§ What is needed:
Your answer must consist only of the lines from the start of the entries through the line that holds "查房过程讨论记录:记录学生提", copied exactly, with no pictures.

§ Input data:
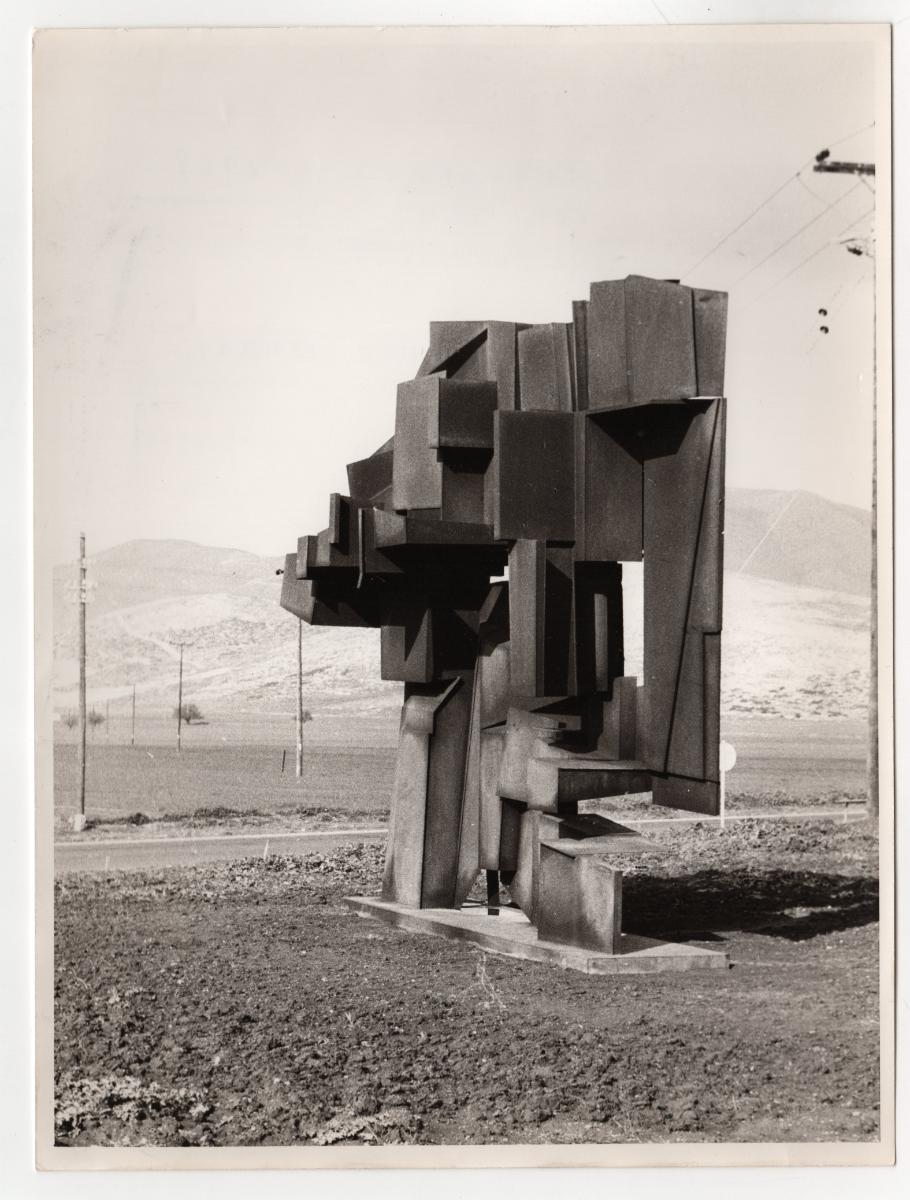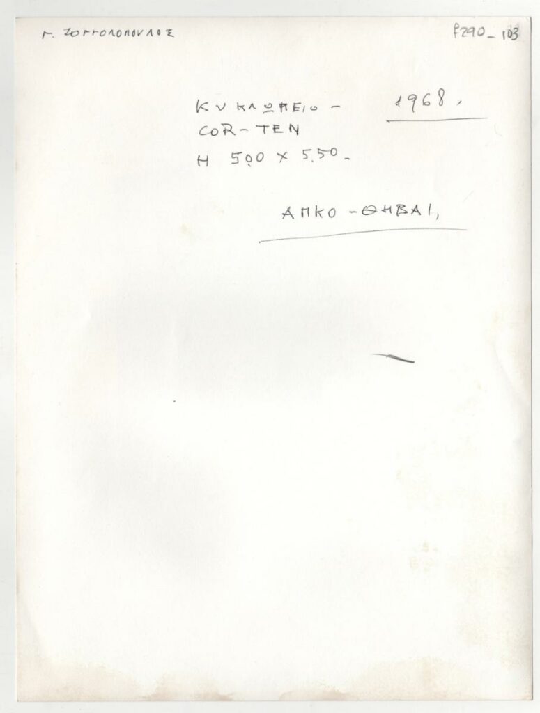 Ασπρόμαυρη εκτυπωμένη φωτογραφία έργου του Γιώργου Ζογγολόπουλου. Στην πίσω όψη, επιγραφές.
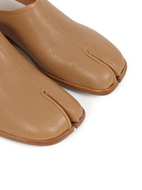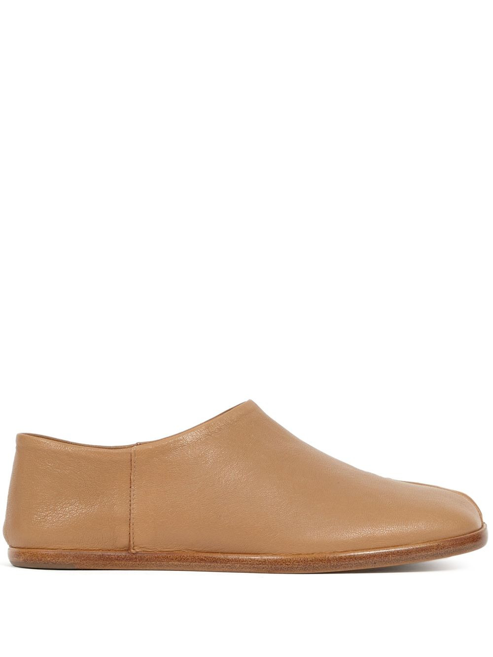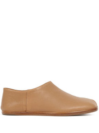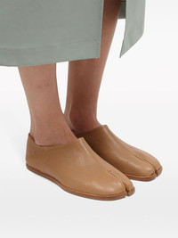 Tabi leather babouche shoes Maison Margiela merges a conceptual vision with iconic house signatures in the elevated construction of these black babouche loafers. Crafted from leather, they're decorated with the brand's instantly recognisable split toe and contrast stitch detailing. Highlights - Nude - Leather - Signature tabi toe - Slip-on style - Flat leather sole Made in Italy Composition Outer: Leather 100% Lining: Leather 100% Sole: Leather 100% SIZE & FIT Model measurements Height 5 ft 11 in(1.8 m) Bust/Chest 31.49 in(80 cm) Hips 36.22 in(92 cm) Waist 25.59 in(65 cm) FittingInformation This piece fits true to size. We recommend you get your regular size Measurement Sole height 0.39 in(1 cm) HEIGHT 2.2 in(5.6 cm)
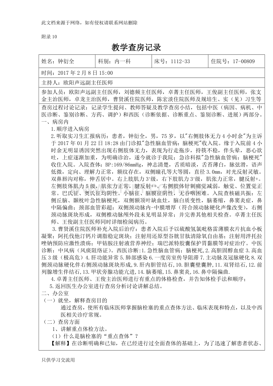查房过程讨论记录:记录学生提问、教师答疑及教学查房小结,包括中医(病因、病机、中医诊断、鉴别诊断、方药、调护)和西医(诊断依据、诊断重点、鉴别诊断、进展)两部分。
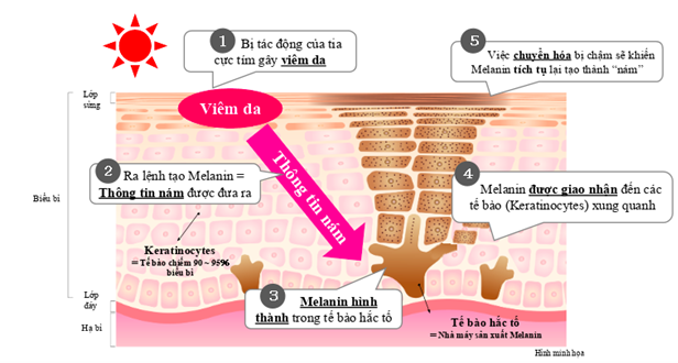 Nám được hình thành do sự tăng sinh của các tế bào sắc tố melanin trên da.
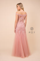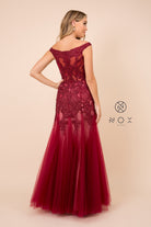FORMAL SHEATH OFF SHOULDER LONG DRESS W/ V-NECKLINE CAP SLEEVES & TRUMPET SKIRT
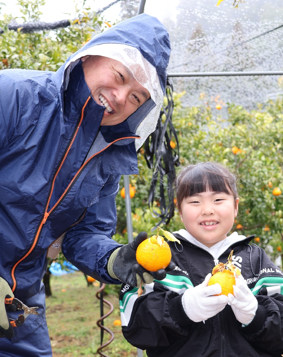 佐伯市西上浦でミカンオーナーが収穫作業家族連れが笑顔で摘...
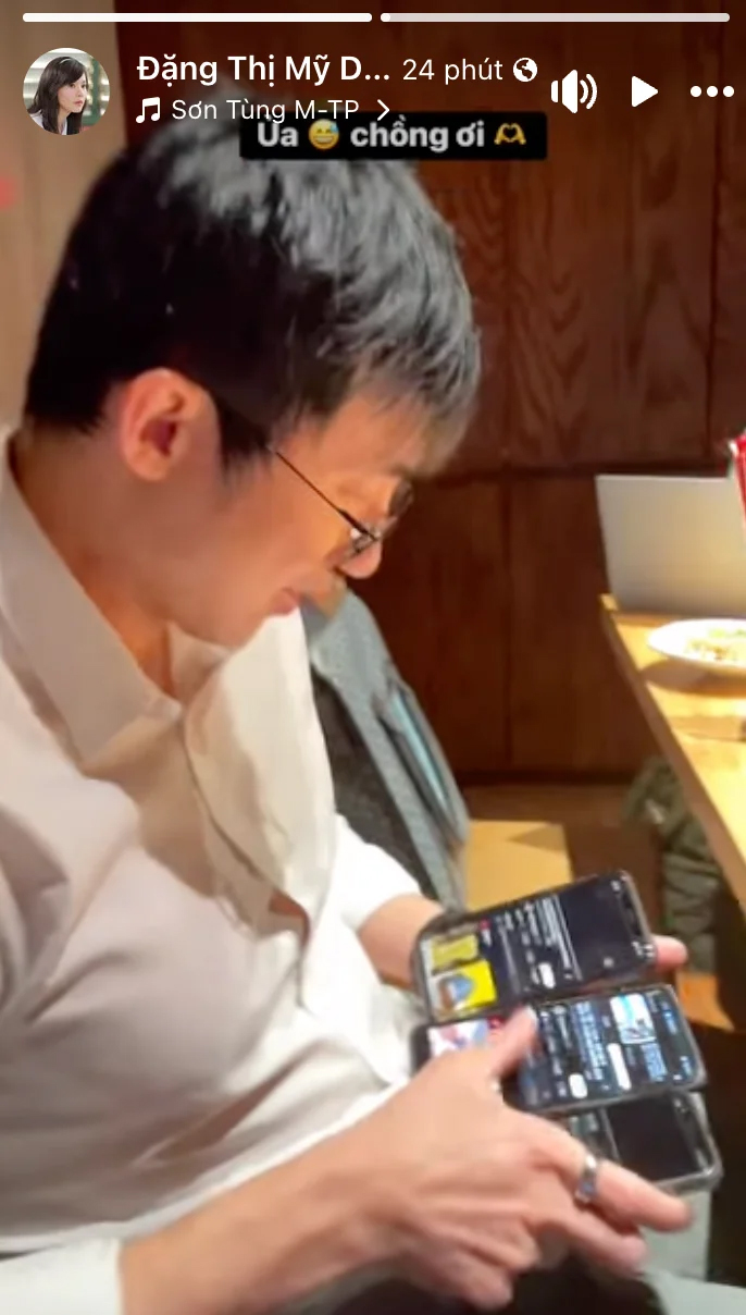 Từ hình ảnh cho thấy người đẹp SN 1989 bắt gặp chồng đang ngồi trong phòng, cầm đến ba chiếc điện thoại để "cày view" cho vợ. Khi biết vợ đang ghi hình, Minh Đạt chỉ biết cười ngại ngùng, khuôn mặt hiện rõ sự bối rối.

§ Response to this task:
 Ασπρόμαυρη εκτυπωμένη φωτογραφία έργου του Γιώργου Ζογγολόπουλου. Στην πίσω όψη, επιγραφές.
 Tabi leather babouche shoes Maison Margiela merges a conceptual vision with iconic house signatures in the elevated construction of these black babouche loafers. Crafted from leather, they're decorated with the brand's instantly recognisable split toe and contrast stitch detailing. Highlights - Nude - Leather - Signature tabi toe - Slip-on style - Flat leather sole Made in Italy Composition Outer: Leather 100% Lining: Leather 100% Sole: Leather 100% SIZE & FIT Model measurements Height 5 ft 11 in(1.8 m) Bust/Chest 31.49 in(80 cm) Hips 36.22 in(92 cm) Waist 25.59 in(65 cm) FittingInformation This piece fits true to size. We recommend you get your regular size Measurement Sole height 0.39 in(1 cm) HEIGHT 2.2 in(5.6 cm)
查房过程讨论记录:记录学生提问、教师答疑及教学查房小结,包括中医(病因、病机、中医诊断、鉴别诊断、方药、调护)和西医(诊断依据、诊断重点、鉴别诊断、进展)两部分。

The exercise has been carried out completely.